:: Source information ::
========================
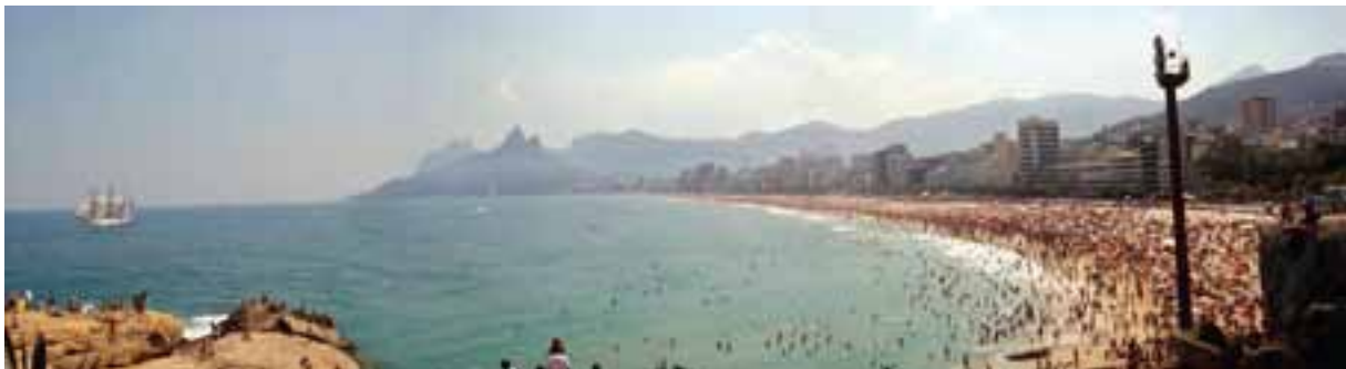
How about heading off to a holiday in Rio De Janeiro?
========================
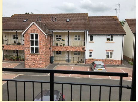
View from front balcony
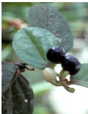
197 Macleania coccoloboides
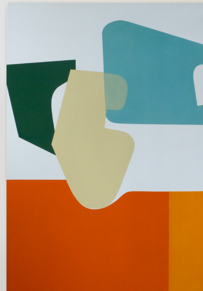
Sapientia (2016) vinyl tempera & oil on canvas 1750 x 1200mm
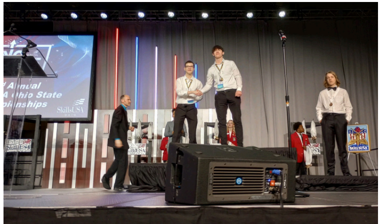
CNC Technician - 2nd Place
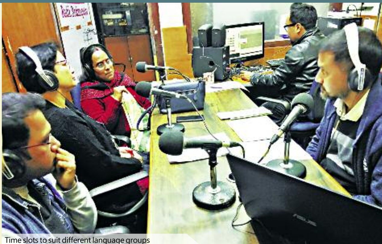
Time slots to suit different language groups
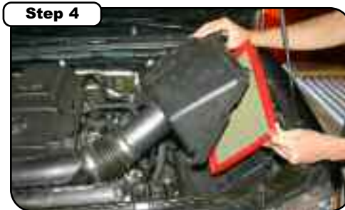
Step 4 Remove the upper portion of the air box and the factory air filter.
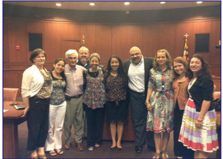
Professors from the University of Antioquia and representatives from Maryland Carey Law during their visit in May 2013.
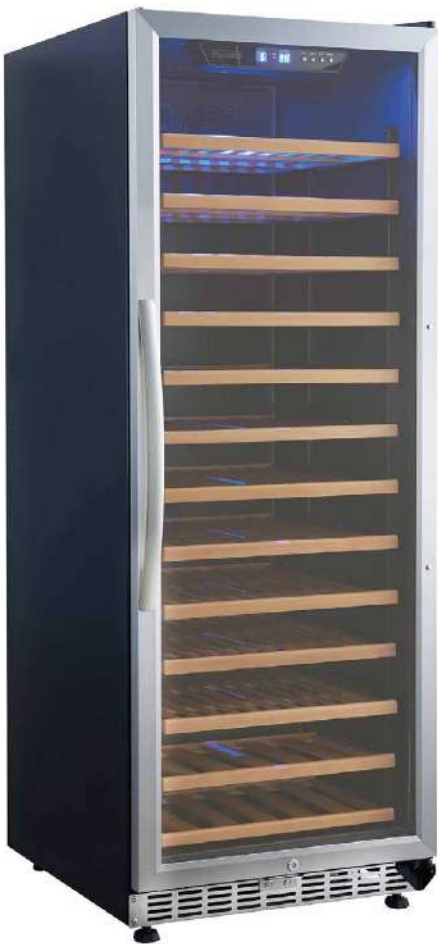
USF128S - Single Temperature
========================
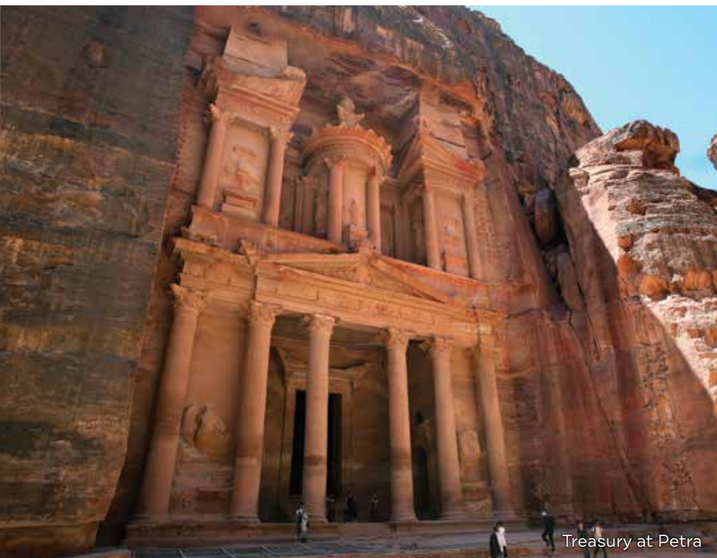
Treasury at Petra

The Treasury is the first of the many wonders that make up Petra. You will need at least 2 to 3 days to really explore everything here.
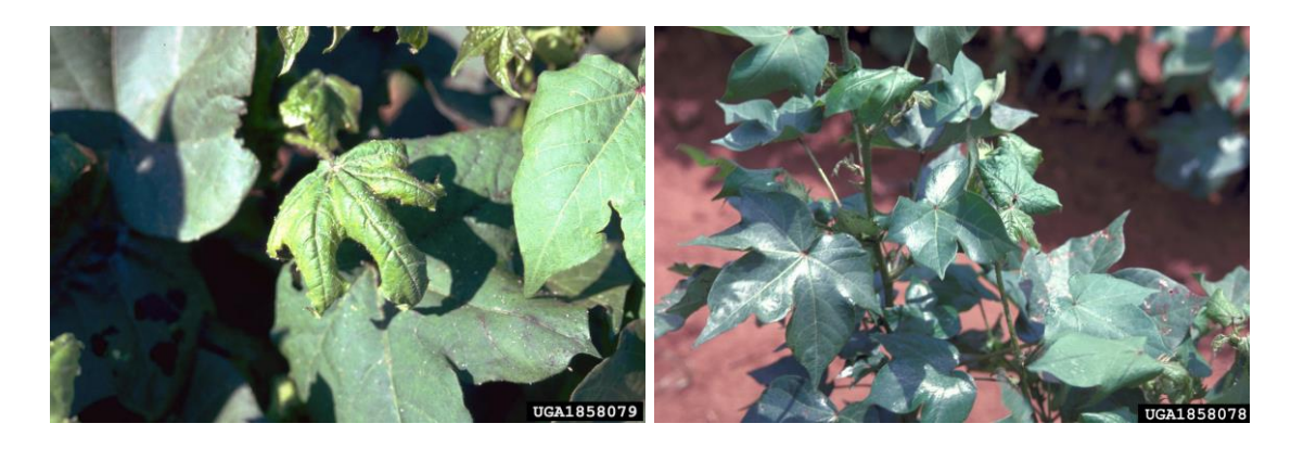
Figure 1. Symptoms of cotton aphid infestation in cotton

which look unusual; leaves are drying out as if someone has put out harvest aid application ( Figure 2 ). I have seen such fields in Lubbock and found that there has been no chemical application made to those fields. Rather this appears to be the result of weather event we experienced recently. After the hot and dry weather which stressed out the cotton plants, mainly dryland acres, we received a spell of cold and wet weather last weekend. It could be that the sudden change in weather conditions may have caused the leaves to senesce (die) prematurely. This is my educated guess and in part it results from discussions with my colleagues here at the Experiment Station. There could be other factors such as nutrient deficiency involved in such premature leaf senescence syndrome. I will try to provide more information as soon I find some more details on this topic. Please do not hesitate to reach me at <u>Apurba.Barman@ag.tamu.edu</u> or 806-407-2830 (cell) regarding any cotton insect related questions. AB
========================
:: Task instructions ::
What lines above contain the word "Figure"? Return each such line.

:: Expected output ::
Figure 1. Symptoms of cotton aphid infestation in cotton
which look unusual; leaves are drying out as if someone has put out harvest aid application ( Figure 2 ). I have seen such fields in Lubbock and found that there has been no chemical application made to those fields. Rather this appears to be the result of weather event we experienced recently. After the hot and dry weather which stressed out the cotton plants, mainly dryland acres, we received a spell of cold and wet weather last weekend. It could be that the sudden change in weather conditions may have caused the leaves to senesce (die) prematurely. This is my educated guess and in part it results from discussions with my colleagues here at the Experiment Station. There could be other factors such as nutrient deficiency involved in such premature leaf senescence syndrome. I will try to provide more information as soon I find some more details on this topic. Please do not hesitate to reach me at <u>Apurba.Barman@ag.tamu.edu</u> or 806-407-2830 (cell) regarding any cotton insect related questions. AB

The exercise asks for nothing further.